*** Opening of Information provided ***

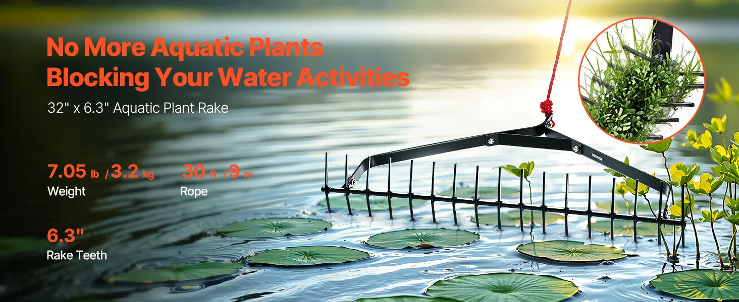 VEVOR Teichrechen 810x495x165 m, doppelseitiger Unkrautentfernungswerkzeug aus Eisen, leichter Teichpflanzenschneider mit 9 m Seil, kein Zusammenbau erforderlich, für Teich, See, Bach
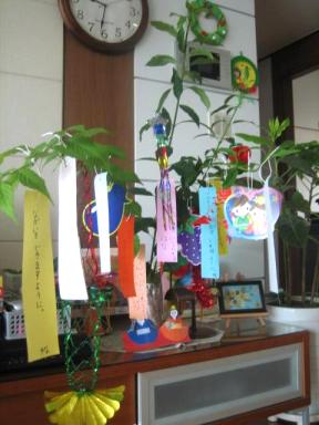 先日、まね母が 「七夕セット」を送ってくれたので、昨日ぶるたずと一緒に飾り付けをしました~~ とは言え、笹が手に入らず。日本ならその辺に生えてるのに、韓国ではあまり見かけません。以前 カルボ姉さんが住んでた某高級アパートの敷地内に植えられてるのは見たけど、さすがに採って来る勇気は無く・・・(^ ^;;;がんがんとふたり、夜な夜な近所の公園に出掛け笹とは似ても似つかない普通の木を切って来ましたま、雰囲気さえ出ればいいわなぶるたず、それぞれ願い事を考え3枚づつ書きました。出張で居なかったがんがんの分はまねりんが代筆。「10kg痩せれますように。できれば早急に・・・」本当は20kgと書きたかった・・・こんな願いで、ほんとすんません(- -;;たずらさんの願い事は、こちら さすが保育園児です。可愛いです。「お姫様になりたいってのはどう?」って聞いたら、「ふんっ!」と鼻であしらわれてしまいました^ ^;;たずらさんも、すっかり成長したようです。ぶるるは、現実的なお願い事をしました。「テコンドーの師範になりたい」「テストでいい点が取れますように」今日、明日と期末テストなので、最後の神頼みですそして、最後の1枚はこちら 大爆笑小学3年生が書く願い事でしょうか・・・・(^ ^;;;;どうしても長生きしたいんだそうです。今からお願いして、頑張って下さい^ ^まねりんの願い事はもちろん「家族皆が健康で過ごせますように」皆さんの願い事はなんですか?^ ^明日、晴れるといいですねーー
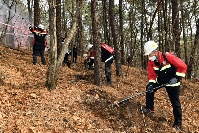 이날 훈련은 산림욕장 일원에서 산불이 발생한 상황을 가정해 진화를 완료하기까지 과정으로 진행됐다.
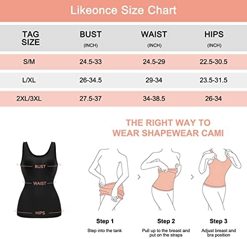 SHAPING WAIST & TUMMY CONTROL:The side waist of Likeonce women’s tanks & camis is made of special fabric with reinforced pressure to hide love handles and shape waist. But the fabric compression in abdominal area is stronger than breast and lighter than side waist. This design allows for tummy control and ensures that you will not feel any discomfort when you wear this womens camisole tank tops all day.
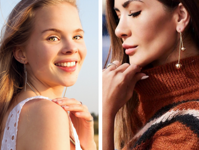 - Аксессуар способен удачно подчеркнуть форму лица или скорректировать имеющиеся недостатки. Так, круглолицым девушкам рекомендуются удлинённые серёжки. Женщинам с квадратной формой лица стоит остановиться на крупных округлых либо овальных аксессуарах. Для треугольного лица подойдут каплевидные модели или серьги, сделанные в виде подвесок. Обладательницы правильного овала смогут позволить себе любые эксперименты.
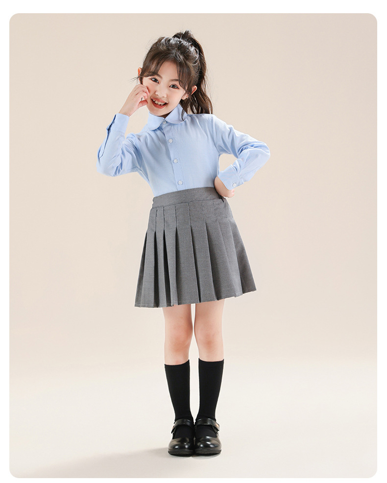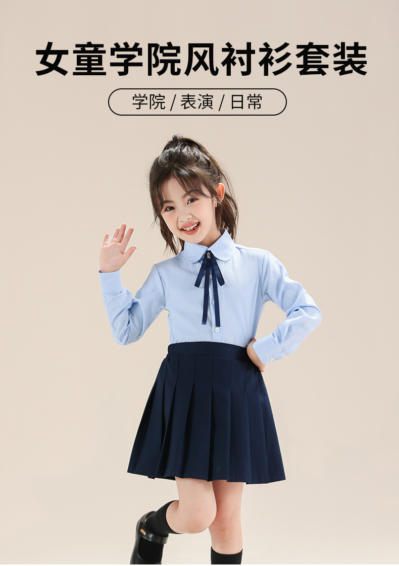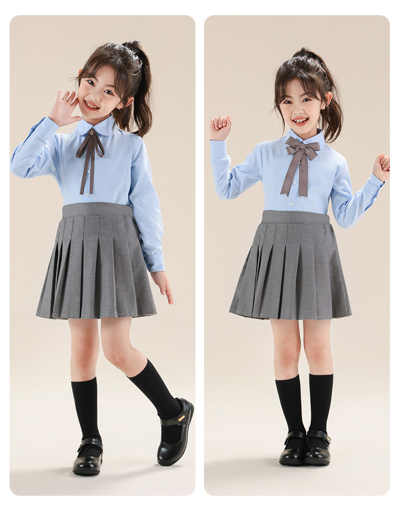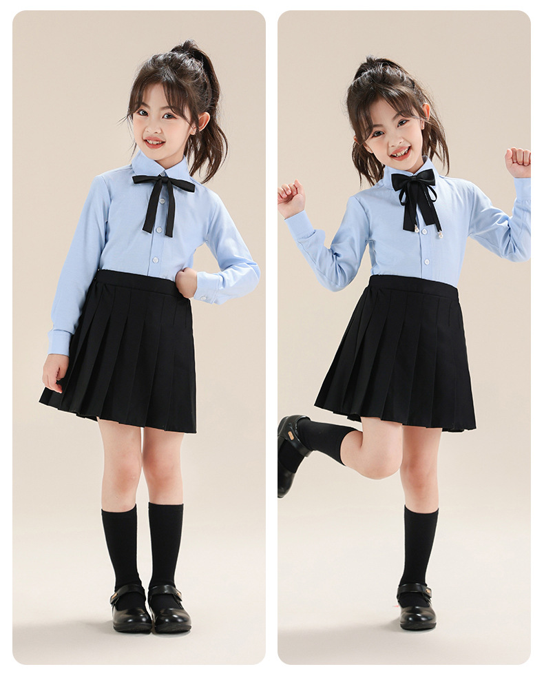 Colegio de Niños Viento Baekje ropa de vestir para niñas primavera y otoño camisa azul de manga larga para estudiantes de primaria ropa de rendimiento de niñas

*** Close of Information provided ***

**Task statement**
Please retype the data exactly. The pictures do not go in.

**Solution to this problem**
 VEVOR Teichrechen 810x495x165 m, doppelseitiger Unkrautentfernungswerkzeug aus Eisen, leichter Teichpflanzenschneider mit 9 m Seil, kein Zusammenbau erforderlich, für Teich, See, Bach
 先日、まね母が 「七夕セット」を送ってくれたので、昨日ぶるたずと一緒に飾り付けをしました~~ とは言え、笹が手に入らず。日本ならその辺に生えてるのに、韓国ではあまり見かけません。以前 カルボ姉さんが住んでた某高級アパートの敷地内に植えられてるのは見たけど、さすがに採って来る勇気は無く・・・(^ ^;;;がんがんとふたり、夜な夜な近所の公園に出掛け笹とは似ても似つかない普通の木を切って来ましたま、雰囲気さえ出ればいいわなぶるたず、それぞれ願い事を考え3枚づつ書きました。出張で居なかったがんがんの分はまねりんが代筆。「10kg痩せれますように。できれば早急に・・・」本当は20kgと書きたかった・・・こんな願いで、ほんとすんません(- -;;たずらさんの願い事は、こちら さすが保育園児です。可愛いです。「お姫様になりたいってのはどう?」って聞いたら、「ふんっ!」と鼻であしらわれてしまいました^ ^;;たずらさんも、すっかり成長したようです。ぶるるは、現実的なお願い事をしました。「テコンドーの師範になりたい」「テストでいい点が取れますように」今日、明日と期末テストなので、最後の神頼みですそして、最後の1枚はこちら 大爆笑小学3年生が書く願い事でしょうか・・・・(^ ^;;;;どうしても長生きしたいんだそうです。今からお願いして、頑張って下さい^ ^まねりんの願い事はもちろん「家族皆が健康で過ごせますように」皆さんの願い事はなんですか?^ ^明日、晴れるといいですねーー
 이날 훈련은 산림욕장 일원에서 산불이 발생한 상황을 가정해 진화를 완료하기까지 과정으로 진행됐다.
 SHAPING WAIST & TUMMY CONTROL:The side waist of Likeonce women’s tanks & camis is made of special fabric with reinforced pressure to hide love handles and shape waist. But the fabric compression in abdominal area is stronger than breast and lighter than side waist. This design allows for tummy control and ensures that you will not feel any discomfort when you wear this womens camisole tank tops all day.
 - Аксессуар способен удачно подчеркнуть форму лица или скорректировать имеющиеся недостатки. Так, круглолицым девушкам рекомендуются удлинённые серёжки. Женщинам с квадратной формой лица стоит остановиться на крупных округлых либо овальных аксессуарах. Для треугольного лица подойдут каплевидные модели или серьги, сделанные в виде подвесок. Обладательницы правильного овала смогут позволить себе любые эксперименты.
 Colegio de Niños Viento Baekje ropa de vestir para niñas primavera y otoño camisa azul de manga larga para estudiantes de primaria ropa de rendimiento de niñas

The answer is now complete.